At runtime, Luau allows any two values to be compared. Comparisons of values of mismatched types always return `false`. We therefore cannot produce any interesting constraints about `'b` or `'c`.
We end up with these bounds:
```
never <: 'a <: {'c}
never <: 'b <: unknown
never <: 'c <: unknown
number | nil <: 'r <: unknown
```
`'a` appears in the argument position, so we replace it with its upper bound `{'c}`. `'b` and `'c` have no constraints at all so they are replaced by generics `B` and `C`. `'r` appears only in the return position and so is replaced by its lower bound `number | nil`.
The final inferred type of `index_of` is `<B, C>({C}, B) -> number | nil`.
## Drawbacks
This algorithm requires that we create a lot of union and intersection types.

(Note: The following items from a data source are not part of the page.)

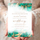 Este elegante convite de casamento apresenta um design de borda verde-lacrimejante em imitação de mármore veinado com folha de ouro falsa, desaparecendo gradualmente no fundo branco. A palavra "casamento" aparece em escrita manuscrita dourada, com o texto remanescente em maiúsculas de serifa douradas. O padrão de mármore de ouro e touro é repetido na parte traseira do cartão.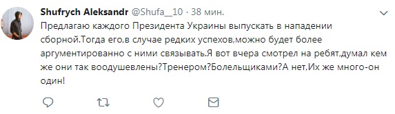 - Предлагаю каждого президента Украины выпускать в нападении сборной. Тогда его, в случае редких успехов, можно будет более аргументированно с ними связывать. Я вот вчера смотрел на ребят, думал кем же они так воодушевлены? Тренером? Болельщиками? А нет, их же много - он один! – написал Шуриф на своей странице в Твиттере.
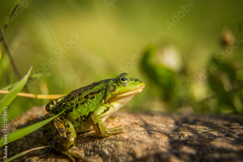 Fototapeta premium A beautiful common green water frog enjoying sunbathing in a natural habitat...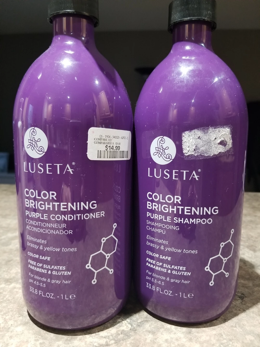 Selling a Luseta Color Brightening set that includes both the Purple Shampoo and Purple Conditioner! These are great for eliminating brassy and yellow tones in blonde and grey hair.

We need to be able to consistently pare down degenerate unions like `number | number`.
Local type inference is also more permissive than what we have been doing up until now. For instance, the following is perfectly fine:
```lua
local x = nil
if something then
x = 41
else
x = "fourty one"
end
```
We'll infer `x : number | string | nil`. If the user wishes to constrain a value more tightly, they will have to write an annotation.
## Alternatives
### What TypeScript does
TypeScript very clearly makes it work in what we would call a strict mode context, but we need more in order to offer a high quality nonstrict mode. For instance, TypeScript's autocomplete is completely helpless in the face of this code fragment:
```ts
let x = null;
x = {a: "a", b: "pickles"};
x.
```
TypeScript will complain that the assignment to `x` is illegal because `x` has type `null`. It will further offer no autocomplete suggestions at all when the user types the final `.`.
It's not viable for us to require users to write type annotations. Many of our users do not yet know what types are but we are nevertheless committed to providing them a tool that is helpful to them.
### Success Typing
Success typing is the algorithm used by the Dialyzer inference engine for Erlang. Instead of attempting to prove that values always flow in sensible ways, it tries to prove that values _could_ flow in sensible ways.
Success typing is quite nice in that it's very forgiving and can draw surprisingly useful information from untyped code, but that forgiving nature works against us in the case of strict mode.